*** Begin section ***

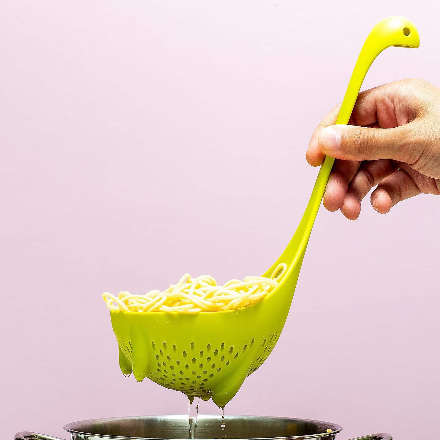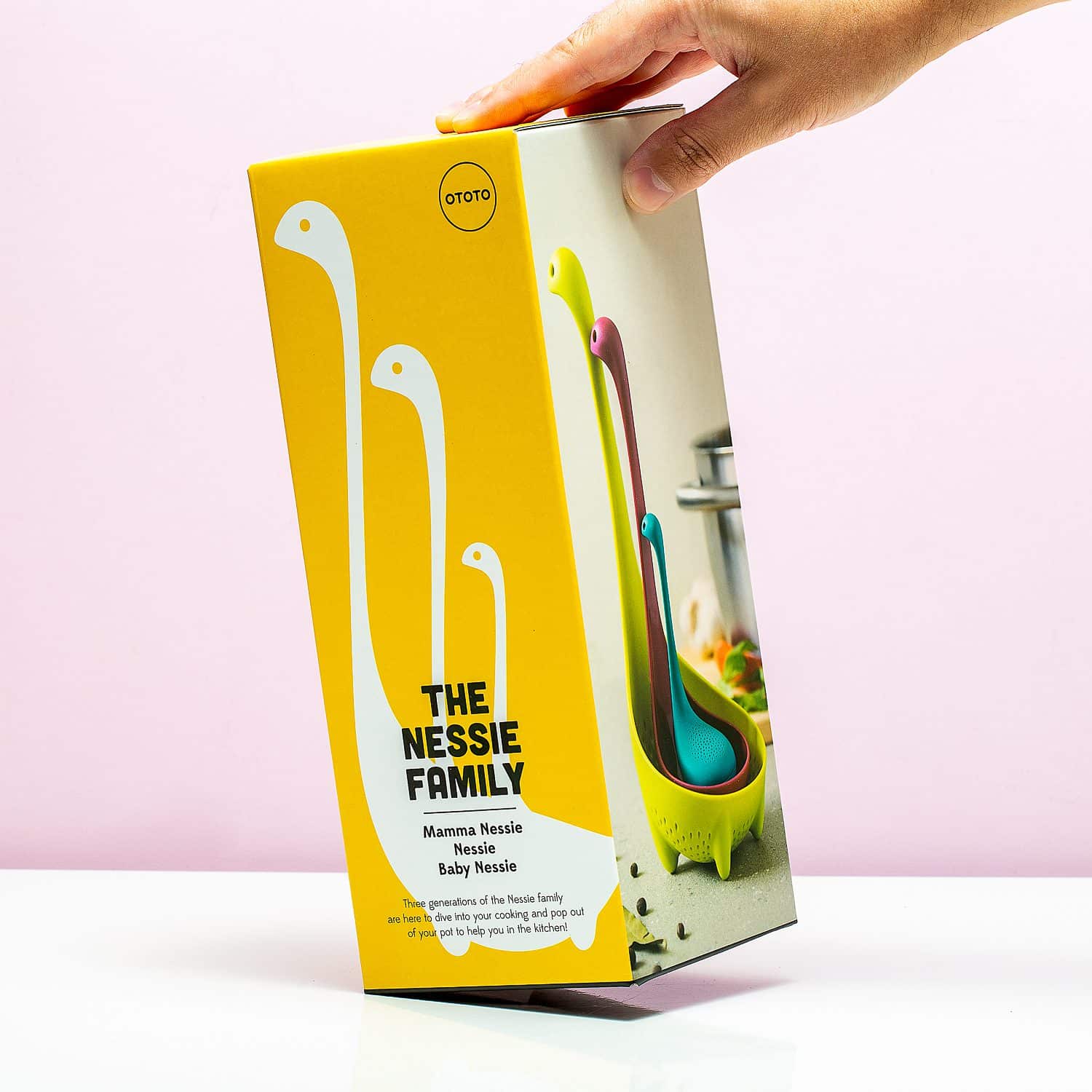 Ben je een groot fan van het Monster van Loch Ness? Met de Nessie familie (set van 3) van Ototo haal je het hele gezin in huis. Het Nessie gezin bestaat uit een vergietlepel, een soeplepel en een tea infuser. De groene Mamma Nessie gebruik je om pasta of groente af te gieten, met de rode Nessie schenk je soep in de kommen en in het buikje van de blauwe Baby Nessie doe je losse thee. De monsters zet je op de bodem van de pan of van je theeglas. Het lijkt net alsof ze vrolijk rondzwemmen.
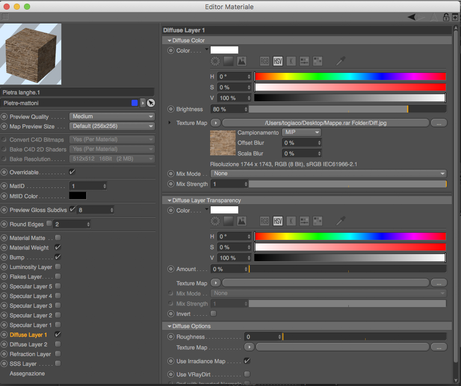 Dovresti mettere anche una leggera riflessione per migliorare il materaile perchè in natura ogni materiale poco o tanto riflette.
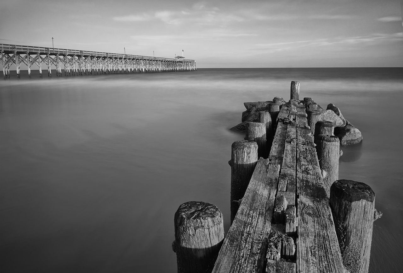 The B&W 2-fer, The pier & groin, Pawleys Island Twilight
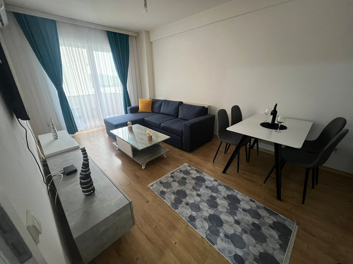 Willkommen in deiner stilvollen, voll ausgestatteten, gemütlichen und farbenfrohen 55 m ² großen Wohnung im Herzen von Fushe Kosova! Diese schicke Unterkunft verfügt über eine bequeme Bettmatratze mit 40 cm Breite, perfekt für einen erholsamen Schlaf. Ideal für digitale Nomaden, bietet es Highspeed-WLAN-Internetzugang und ein privates Parkhaus. In einem neu erbauten Gebäude gelegen, genieße den Komfort eines eigenständigen Check-ins/Check-outs und sorgt für einen reibungslosen Aufenthalt in dieser urbanen Oase.

*** End section ***

> [ABOUT THIS EXERCISE] Within the material above, only the stretch from the line holding "Dovresti mettere anche" through the line holding "The B&W 2-fer, The" is to be restated exactly. Pictures are dropped.

> [EXPECTED OUTPUT]
 Dovresti mettere anche una leggera riflessione per migliorare il materaile perchè in natura ogni materiale poco o tanto riflette.
 The B&W 2-fer, The pier & groin, Pawleys Island Twilight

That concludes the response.